# BRIEF
In the listing below, the lines starting at the line with "Amazon RDS supports" and ending at the line with "Art & Reno heeft" are to be output verbatim. Images stay out of the copy.

+++

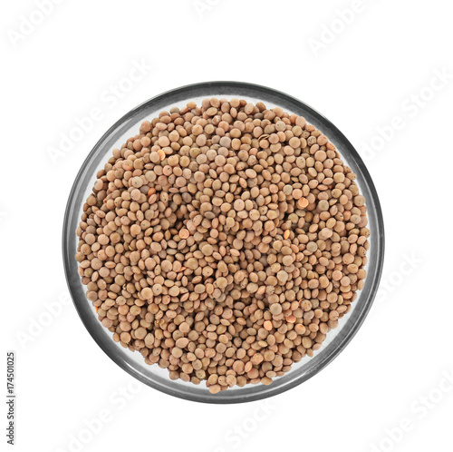 Bowl with healthy lentils, isolated on white
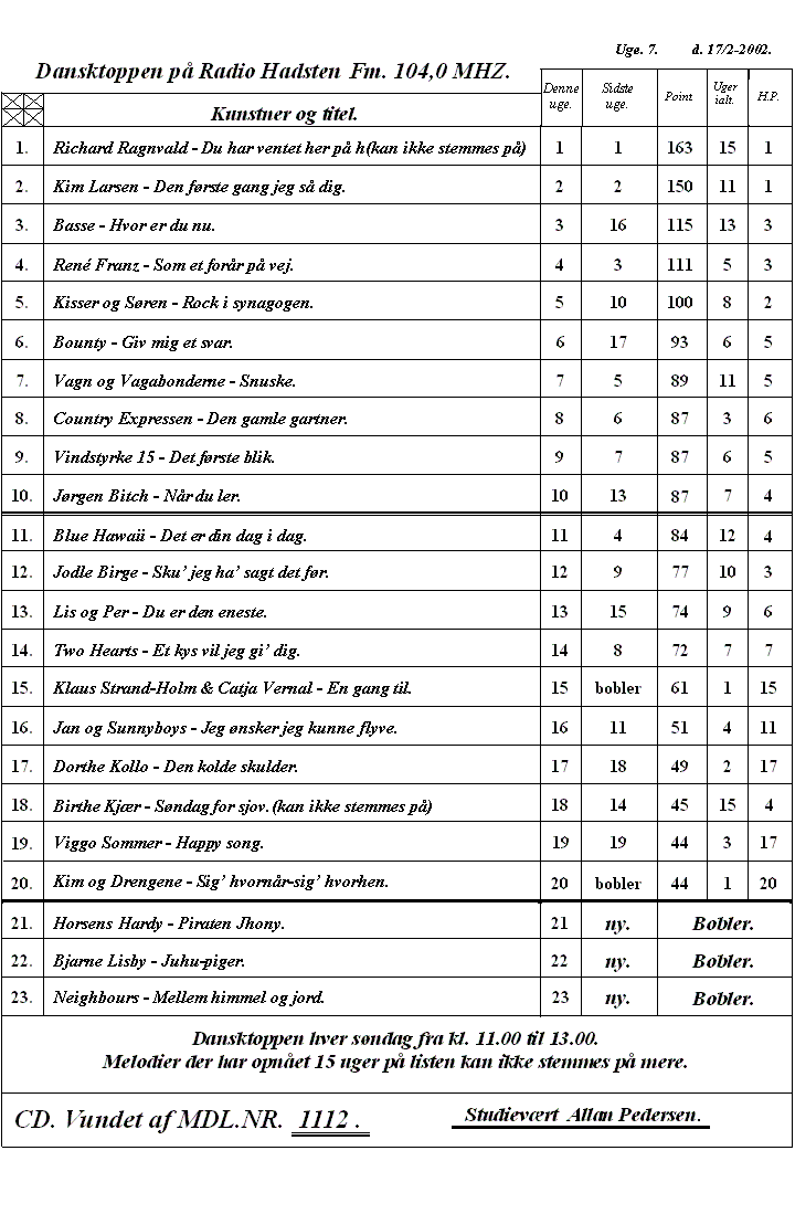 Hitkassen Radio Herkules (Kolding) Uge 7
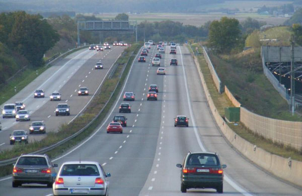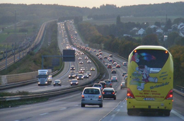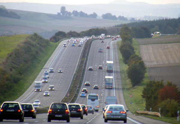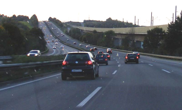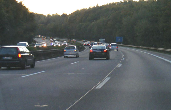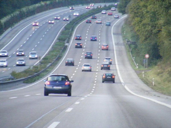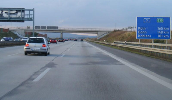 An der Schilderbrücke der Gegenfahrbahn links sind Graffitti zu erkennen
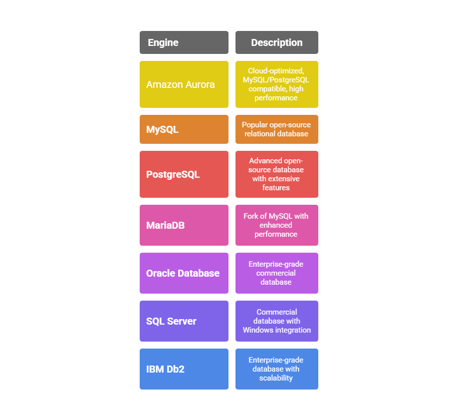 Amazon RDS supports seven major database engines, providing flexibility to choose based on application requirements and existing expertise:
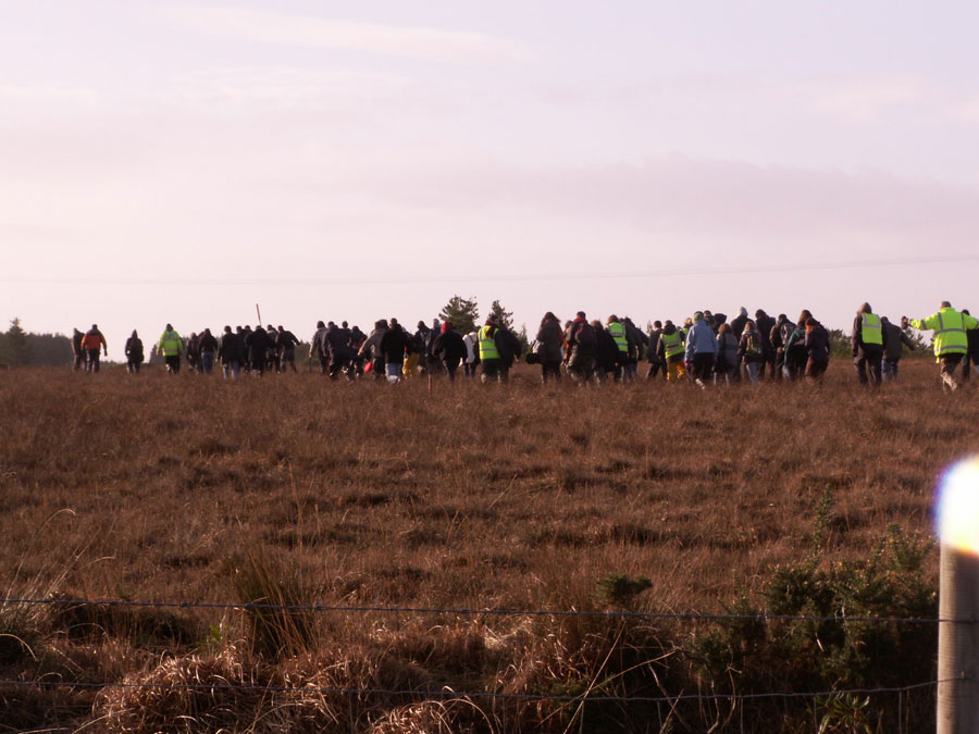 I wasn't aware of any headcount but estimated over 100 people crossing the bog with a further group of protestors gaining access via another entrance and a large enough group of stragglers at the back, an estimate of roughly "150" isn't too far off the mark.
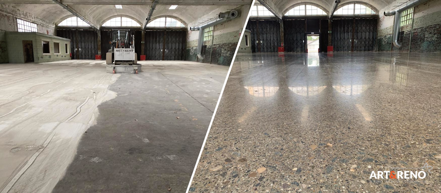 Art & Reno heeft de vloer eerst mooi vlak geslepen daarna hoogglans gepolijst tot korrel 3000.
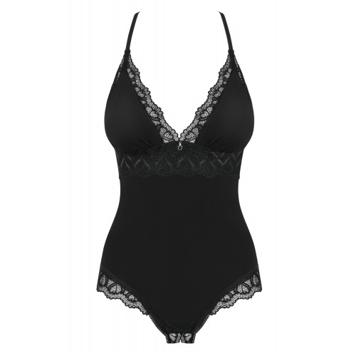 Детали: черное боди из мягкого материала, регулируемые бретельки на спине, кружевная окантовка в области груди - феноменально подчеркнутый бюст, красивое украшение на бюсте, кружевная вставка под грудью - супер женственный штрих, нижние края обработаны кружевом - аппетитно выделяют бедра, открытая промежность, очень приятная и идеально эластичная ткань Multistretch.
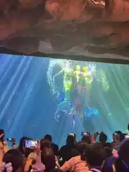 4️⃣ Mermaid Fantasy Show, mermaids dance gracefully in the water and interact with marine life. Since they sit on the ground, it is recommended to find a good seat in advance. Spaceship,

+++

# RESULT
 Amazon RDS supports seven major database engines, providing flexibility to choose based on application requirements and existing expertise:
 I wasn't aware of any headcount but estimated over 100 people crossing the bog with a further group of protestors gaining access via another entrance and a large enough group of stragglers at the back, an estimate of roughly "150" isn't too far off the mark.
 Art & Reno heeft de vloer eerst mooi vlak geslepen daarna hoogglans gepolijst tot korrel 3000.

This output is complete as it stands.